- Poulenc in 1922
- Key: G minor
- Catalogue: FP 93
- Composed: 1934–38
- Scoring: organ; timpani; string orchestra;

= Organ Concerto (Poulenc) =

Organ concerto composed by Francis Poulenc

The Concerto pour orgue, cordes et timbales (Concerto for organ, timpani and strings) in G minor, FP 93, is an organ concerto composed by Francis Poulenc between 1934 and 1938. It has become one of the most frequently performed pieces of the genre not written in the Baroque period.

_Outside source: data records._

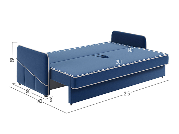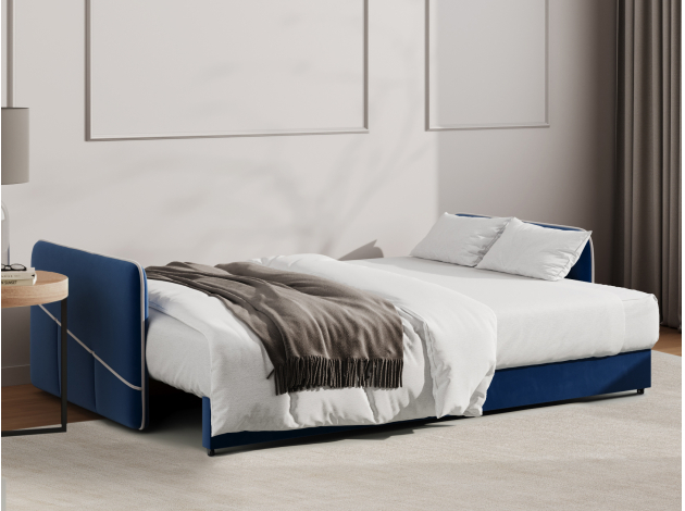 Модель оснащена надежным раскладным механизмом и быстро трансформируется в удобную двуспальную кровать, которая подходит для ежедневного сна. Просторный бельевой короб создает дополнительное место для хранения постельных принадлежностей, сезонных вещей или теплых пледов.
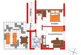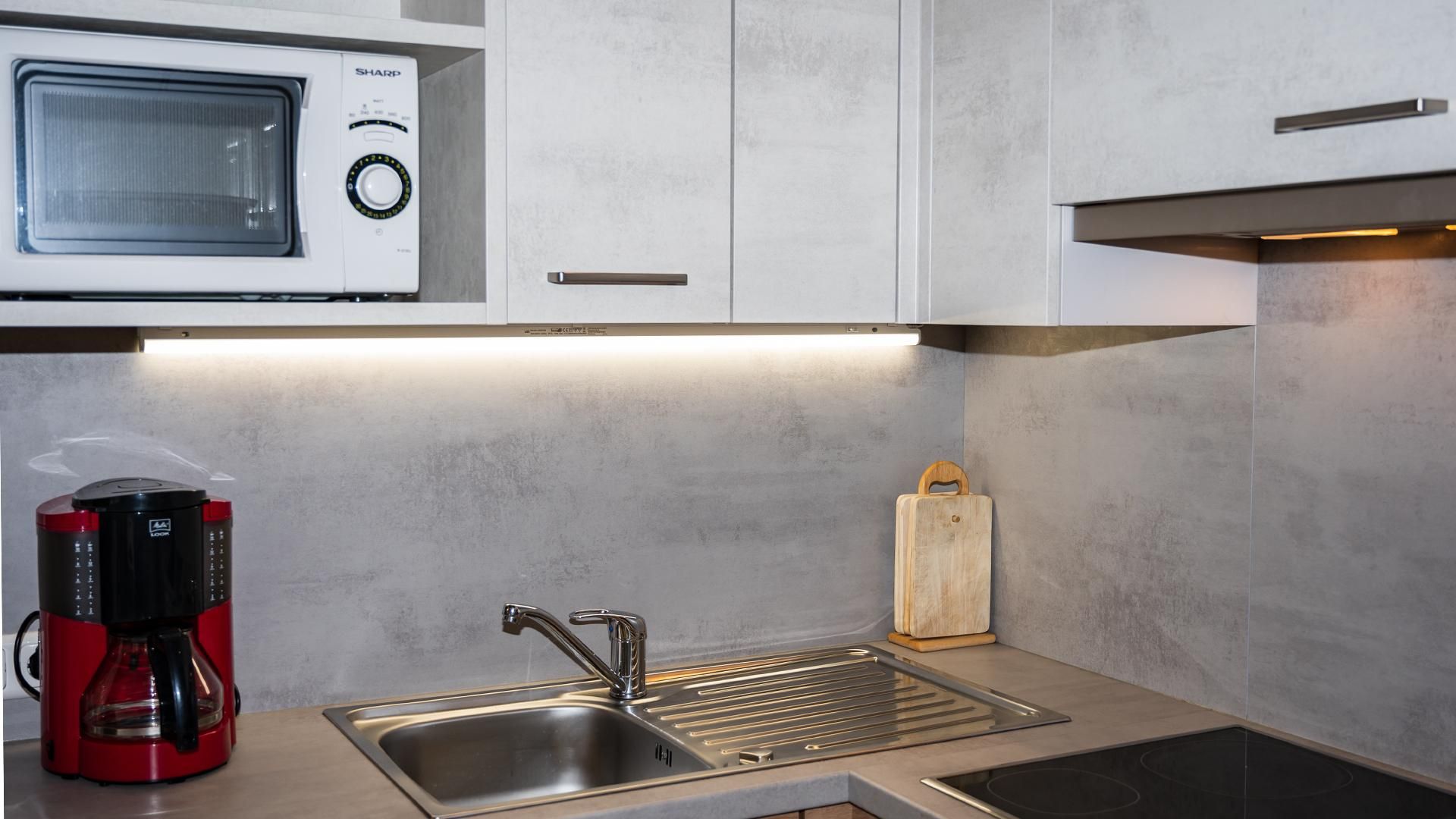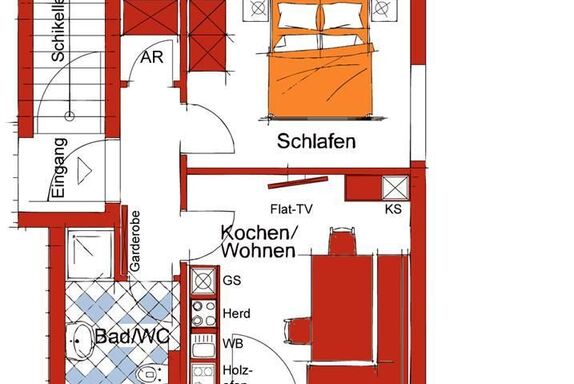 Ausstattung der Wohnung: eine Wohnküche (E-Herd mit Backofen, Mikrowelle, Geschirrspüler, Kühlschrank inkl. Gefrierfach, Safe) mit Esstisch und Wohnbett für 2 Personen, ein Doppelschlafzimmer, Schrankraum, Badezimmer/WC,Kosmetikspiegel, Flat-TV, Internetzugang
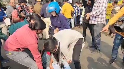 বিক্ষোভকারী চাকরিপ্রার্থীদের সামাল দিতে রীতিমতো হিমশিম খেতে হয়েছে পুলিশকে। একজন মহিলা চাকরিপ্রার্থী অসুস্থ হয়ে পড়েন। তাকে তুলতে গিয়ে তাকে শুশ্রূষা করছেন মহিলা পুলিশ অফিসাররা।
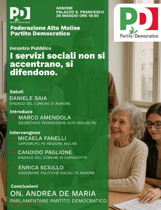 ‘I servizi sociali non si accentrano, si difendono’. E’ il titolo del convegno organizzato dalla Federazione Alto Molise del Partito democratico che si terrà lunedì 26 maggio (ore 18) a Palazzo San Francesco. Interverranno, il sindaco di Agnone, Daniele Saia, il segretario della Federazione altomolise Pd, Marco Amendola, la consigliera regionale, Micaela Fanelli, il sindaco di Capracotta, Candido Paglione, l’assessore alle Politiche sociali del Comune di Agnone, Enrica Sciullo. Le conclusioni dell’incontro affidate al parlamentare Andrea De Maria.
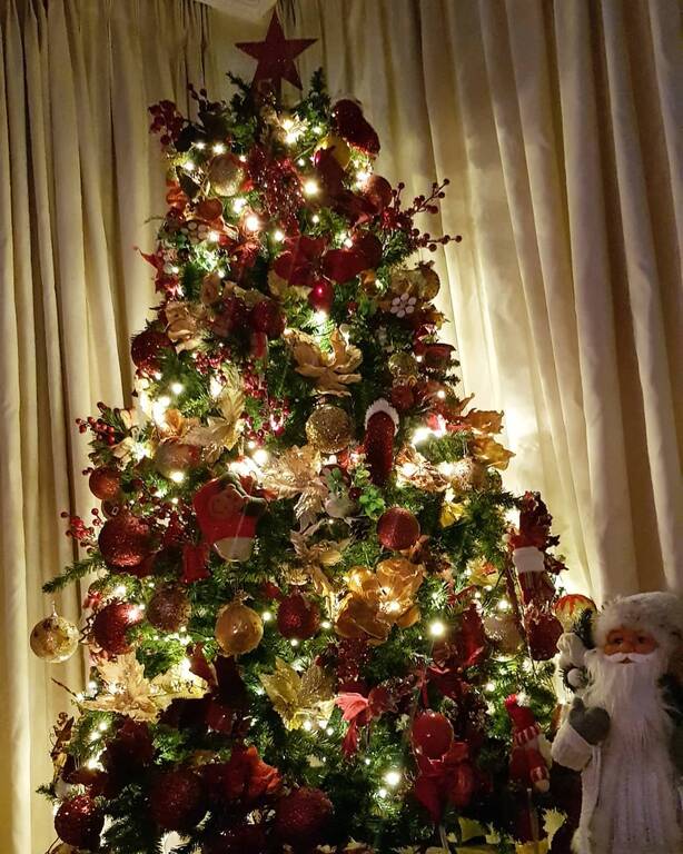 Το χριστουγεννιάτικο δέντρο της Ελένης Μενεγάκη έχει πολλά στολίδια και μπάλες, αλλά και μια κόκκινη κορδέλα. Στη βάση του ξεχωρίζουν οι μεγάλες φιγούρες με τους μάγους να φέρουν τα δώρα.
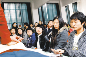 4月10日,华东师范大学的园区志愿者们在“紧急救护知识”培训课上,观摩老师的心肺复苏示范。 离上海世博会开幕还有20天,超200万人规模的世博会志愿者各项筹办准备工作已接近尾声。 包括园区志愿者、城市志愿服务站点志愿者在内的约20万世博会注册志愿者,自1月22日起在上海41个培训基地分类分批接受统一的培训并将经考核后上岗。新华社记者 刘颖 摄
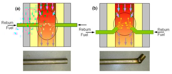 Schematic of the reburn fuel injection: (a) lateral (0°) injection and (b) 45° injection.
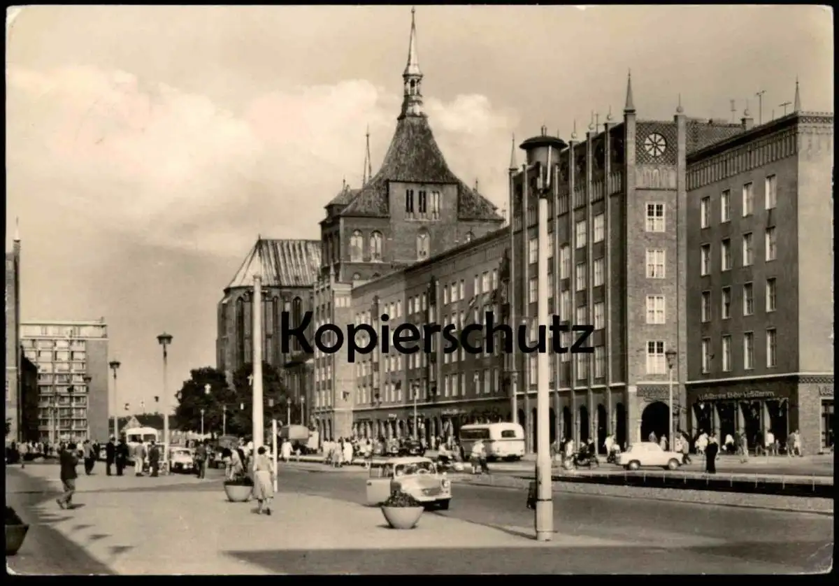 ÄLTERE POSTKARTE ROSTOCK MARIENKIRCHE MIT LANGER STRASSE Autos Auto VerkehrVerlag: VEB Bild und Heimat, Reichenbach
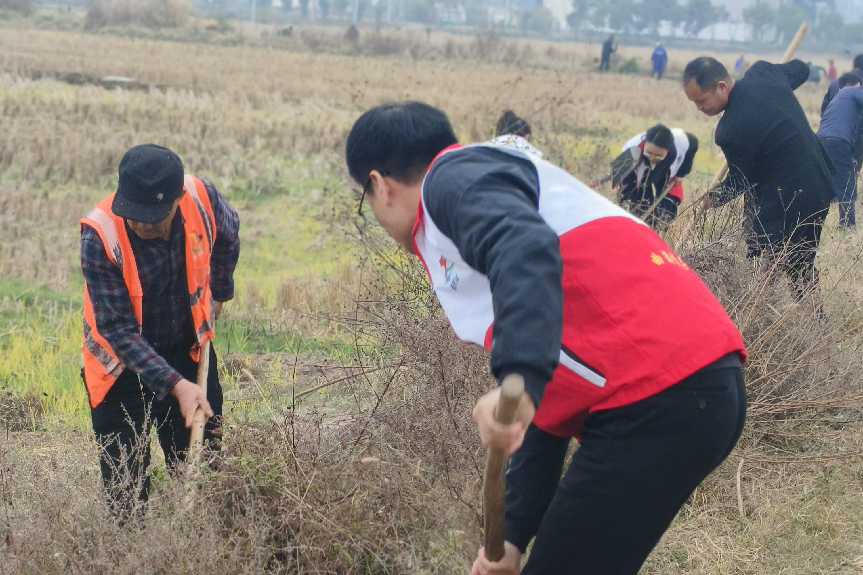 在长乐村磨盘新村6组高标准农田里,曲濑镇党政主要负责同志带头示范,镇村党员干部与群众一道,挥舞铁锹、镰刀对机耕道半人高的杂草枯枝进行清理,对沟渠内的泥土垃圾进行铲除,与在场群众配合默契,不一会儿清理出来的杂草就堆成了一座座小山。劳动中,党员干部与在场群众交流请教,问计于民、问需于民,以实际行动打通农田灌溉“生命线”、回应群众急难愁盼事。“吉先锋”红马甲,成为秋冬萧瑟枯黄中最靓丽的一抹红。
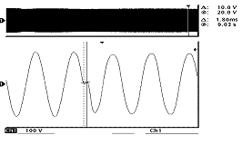 图6逆变软启动输出波形 图7逆变器输出切换至电子旁路输出
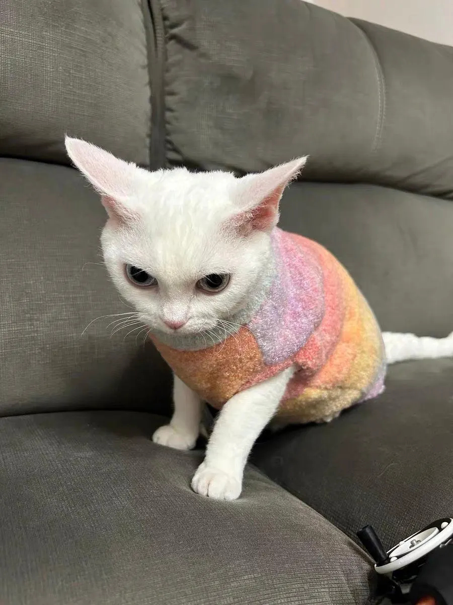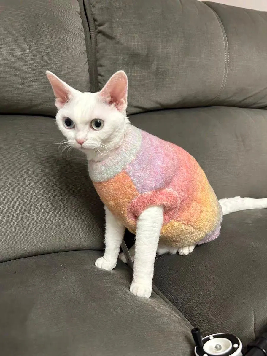 Its gradient isn’t a harsh patchwork of colors, but rather like “a sunset caressed by an evening breeze”: it gently blends from a light, misty purple at the collar, transitioning to a peachy pink in the middle, then connecting to warm orange-orange to a gentle, creamy yellow finish—each color transition has a hazy, soft feel, and the low-saturation Morandi style avoids any hint of gaudiness. Whether it’s a white-furred pet, it will make them look like they’re “covered in spring cream”; for dark-furred pets, the warm gradient balances the heaviness of the fur, making them appear more vibrant and healthy. Even if you just toss it on the sofa, the clothes themselves are “gentle color blocks that can serve as decoration.”
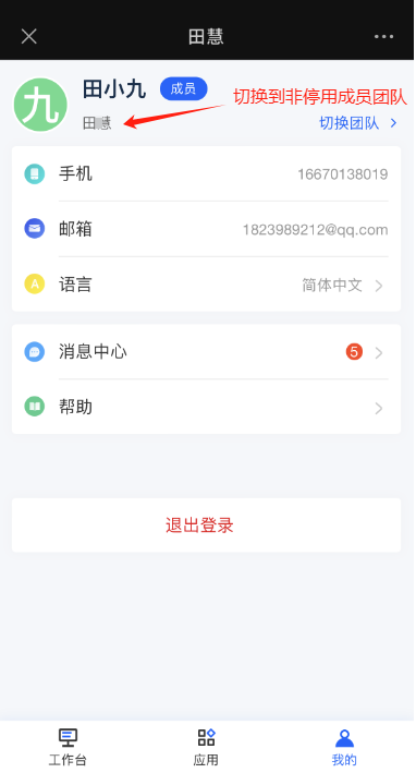 正常切换到非停用成员的团队:
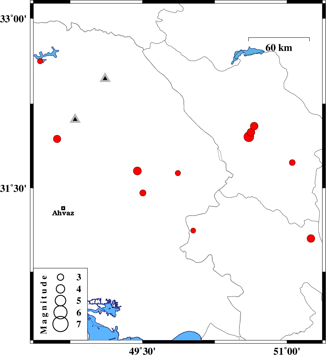 | 2018/09/23 | 08:51:53.1 | 12:21:53.1 | 32.625 | 48.438 | 14 | ML2.5 | Khoozestan Province, 20 km North of Andimeshk | ||
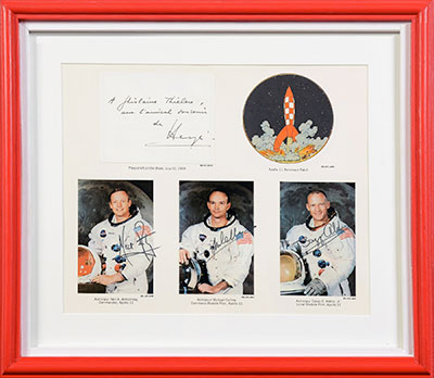 Real or fake Apollo 11 signed item? TINTIN Hergé, signed and dated, APOLLO 11 (Armstrong, Aldrin, Collins)This extremely rare, framed set features a dedication in Hergé's pen and the handwritten signatures of the three astronauts: Neil Armstrong, Buzz Aldrin, and Michael Collins of the Apollo XI program, the only ones to have entered the legend. Hergé's dedication and the astronauts' signatures have been expertly verified, and proof of provenance is included.  |
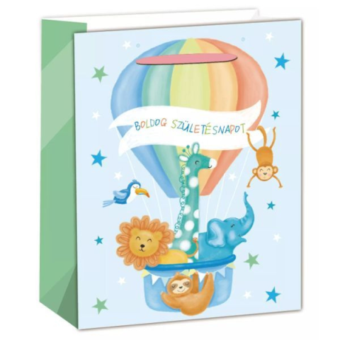 Állatok hőlégballonnal ajándékzacskó szalagfüllel, hogy az ünnep még boldogabb, vidámabb és édesebb legyen az ünnep. Praktikus, többször felhasználható, ezért kevésbé károsítja a környezetet, mint a hagyományos csomagolópapír.Anyaga: Papír/műanyagA termék mérete: 18 x 23 cm
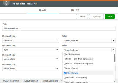 There are two ways to create placeholders in a project. The first is by defining project-specific rules for the placeholder. After the rules are defined, any document uploaded without a view file that meets the criteria is automatically added to the Placeholder register.
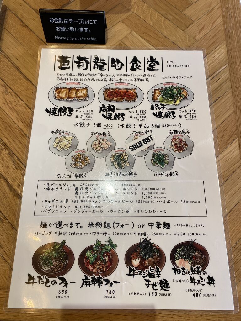 平日の11時前に入店、すでに賑わっていましたが、待たずに案内してもらえました。焼き餃子と牛だしのフォーを注文。餃子は少し大きめで、ひき肉では無く6〜7mm角のゴロッとしたお肉が入っているのでジューシーで食べ応えがあります。餡がお肉メインなので、店員さんお薦めの酢胡椒で食べた方が美味しさが引き立つ感じがしました。フォーはやさしい味でした。食べてる間にお客様が次々と来店、待ちの人数が増えて行きました。テーブルでお会計するのは、珍しいと思いました。 (訪問:2025/12/02)
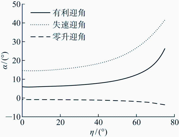 最大升力系数时的失速攻角随变形的变化如图9 所示,此边界为变形过程的迎角上限.随着折叠角增大,失速迎角会增大.不同折叠角下零升系数为迎角下限,超过此边界折叠翼的升力为负值.同时,也可以得到最大升阻比时的迎角随变形的有利迎角曲线,在小变形下有利迎角约为攻角上下限的中线位置,安全裕度较大.
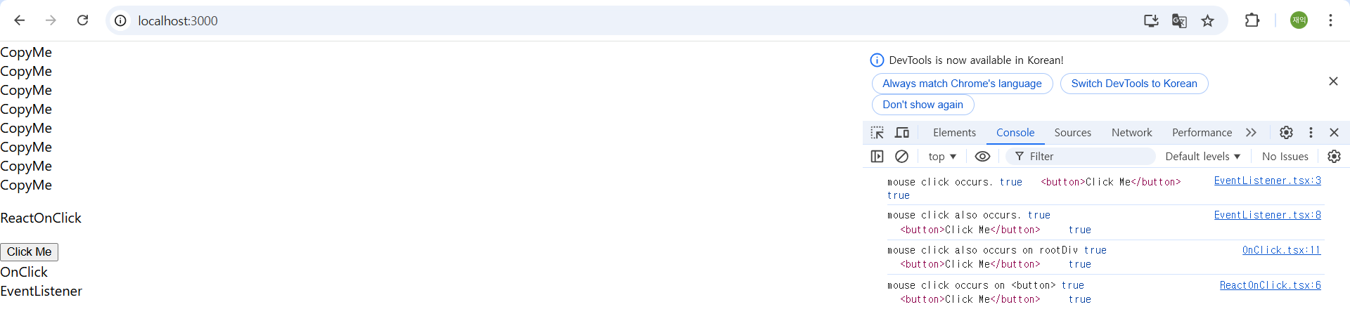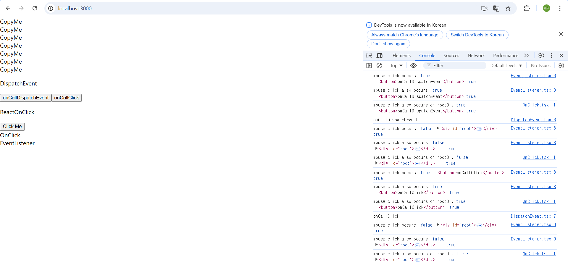 웹 브라우저에서 id가 'root'인 영역안을 마우스로 클릭할 경우 이벤트가 발생하는걸 확인할 수 있다.

==History of composition==
The organ concerto was commissioned by Princess Edmond de Polignac in 1934, as a piece with a chamber orchestra accompaniment and an easy organ part that the princess could probably play herself. The commission was originally given to Jean Françaix, who declined, but Poulenc accepted. Poulenc quickly abandoned this idea for something much more grandiose and ambitious; his earlier harpsichord concerto and double-piano concerto were simpler, more light-hearted pieces. As he wrote in a letter to Françaix, "The concerto...is not the amusing Poulenc of the Concerto for two pianos, but more like a Poulenc en route for the cloister." The death of a colleague and friend, the young critic and composer Pierre-Octave Ferroud, in the spring of 1936 made Poulenc go on a pilgrimage to the Black Virgin of Rocamadour, where he rediscovered his Christian faith. This new religious conviction not only nurtured an interest in religious music, which he began to compose, but also highly influenced his incomplete Organ Concerto. Indeed, Poulenc referred to it as being on the fringe of his religious works.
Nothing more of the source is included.